WHAT THIS TASK INVOLVES: Give back, word for word, the lines in the listing below from the one holding "Fotoğraf 5: Prag/Çek" down to the one holding "2013-2014 Akademik Yılı", both ends included.

MATERIAL SUPPLIED:

╔══

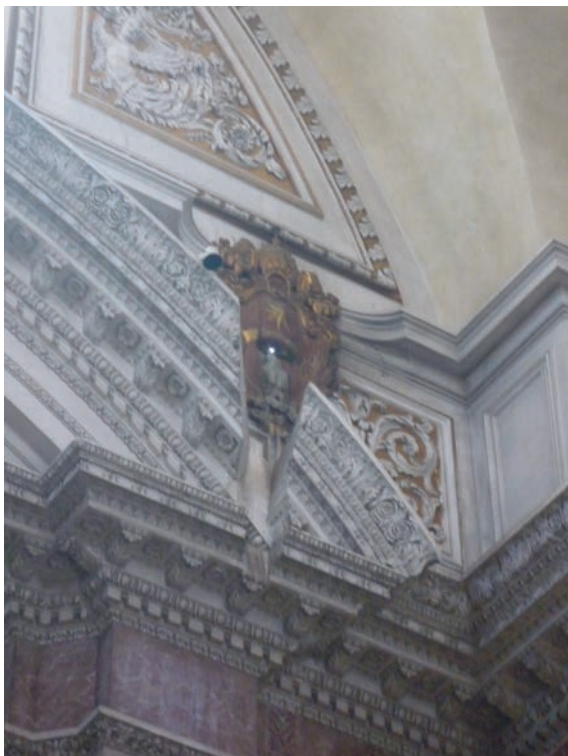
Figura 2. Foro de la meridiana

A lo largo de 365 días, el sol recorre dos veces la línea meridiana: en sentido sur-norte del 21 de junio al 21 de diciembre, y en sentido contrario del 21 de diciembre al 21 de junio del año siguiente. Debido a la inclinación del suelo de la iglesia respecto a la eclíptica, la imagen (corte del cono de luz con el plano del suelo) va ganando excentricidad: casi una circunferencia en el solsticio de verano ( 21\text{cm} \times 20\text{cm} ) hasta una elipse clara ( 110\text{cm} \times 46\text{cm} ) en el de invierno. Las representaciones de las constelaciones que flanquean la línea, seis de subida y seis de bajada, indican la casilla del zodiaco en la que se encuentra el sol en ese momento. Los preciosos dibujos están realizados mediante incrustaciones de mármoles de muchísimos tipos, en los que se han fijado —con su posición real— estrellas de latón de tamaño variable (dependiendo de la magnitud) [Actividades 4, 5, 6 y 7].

╚══
╔══

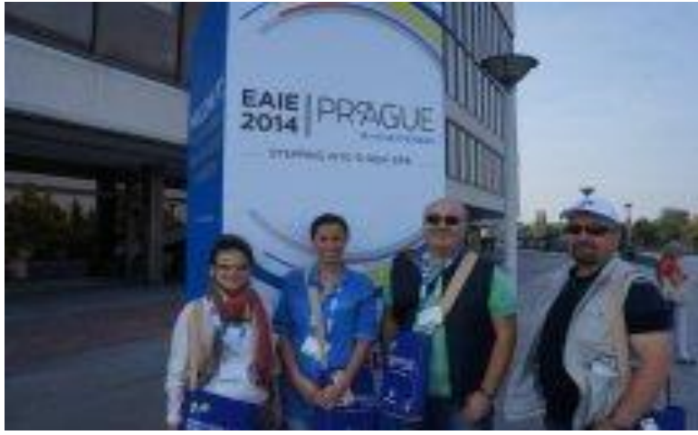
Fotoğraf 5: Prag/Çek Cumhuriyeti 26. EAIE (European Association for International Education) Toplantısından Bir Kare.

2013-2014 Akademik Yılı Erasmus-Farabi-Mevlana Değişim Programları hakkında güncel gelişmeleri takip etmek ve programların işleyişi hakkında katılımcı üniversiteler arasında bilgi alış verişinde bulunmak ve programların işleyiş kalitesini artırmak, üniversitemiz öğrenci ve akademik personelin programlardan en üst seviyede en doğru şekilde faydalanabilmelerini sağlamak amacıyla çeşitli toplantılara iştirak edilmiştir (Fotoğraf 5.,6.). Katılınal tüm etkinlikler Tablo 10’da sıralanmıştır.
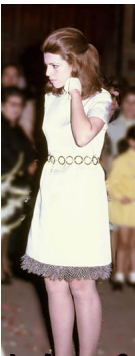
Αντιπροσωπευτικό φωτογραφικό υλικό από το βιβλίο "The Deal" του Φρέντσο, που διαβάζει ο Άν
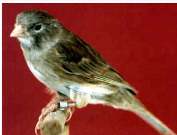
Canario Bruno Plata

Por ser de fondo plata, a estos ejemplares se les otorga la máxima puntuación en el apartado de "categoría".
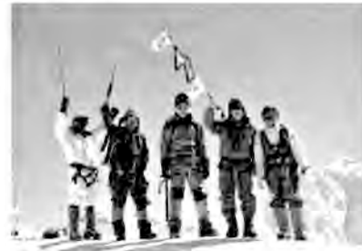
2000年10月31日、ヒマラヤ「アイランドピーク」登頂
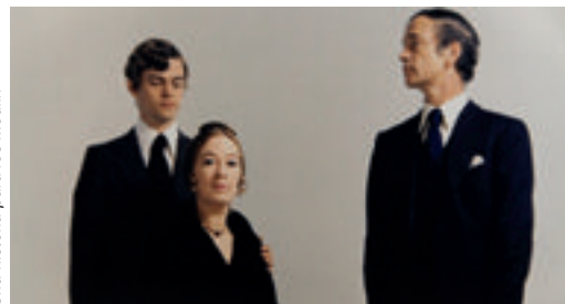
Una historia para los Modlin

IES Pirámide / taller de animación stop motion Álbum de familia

╚══
╔══

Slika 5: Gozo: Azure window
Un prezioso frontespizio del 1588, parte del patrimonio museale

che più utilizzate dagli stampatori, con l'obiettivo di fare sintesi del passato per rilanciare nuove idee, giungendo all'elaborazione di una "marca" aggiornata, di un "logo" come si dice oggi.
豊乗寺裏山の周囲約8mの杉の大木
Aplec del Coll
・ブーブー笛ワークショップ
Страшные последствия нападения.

╚══

SOLUTION TO THIS PROBLEM:
Fotoğraf 5: Prag/Çek Cumhuriyeti 26. EAIE (European Association for International Education) Toplantısından Bir Kare.

2013-2014 Akademik Yılı Erasmus-Farabi-Mevlana Değişim Programları hakkında güncel gelişmeleri takip etmek ve programların işleyişi hakkında katılımcı üniversiteler arasında bilgi alış verişinde bulunmak ve programların işleyiş kalitesini artırmak, üniversitemiz öğrenci ve akademik personelin programlardan en üst seviyede en doğru şekilde faydalanabilmelerini sağlamak amacıyla çeşitli toplantılara iştirak edilmiştir (Fotoğraf 5.,6.). Katılınal tüm etkinlikler Tablo 10’da sıralanmıştır.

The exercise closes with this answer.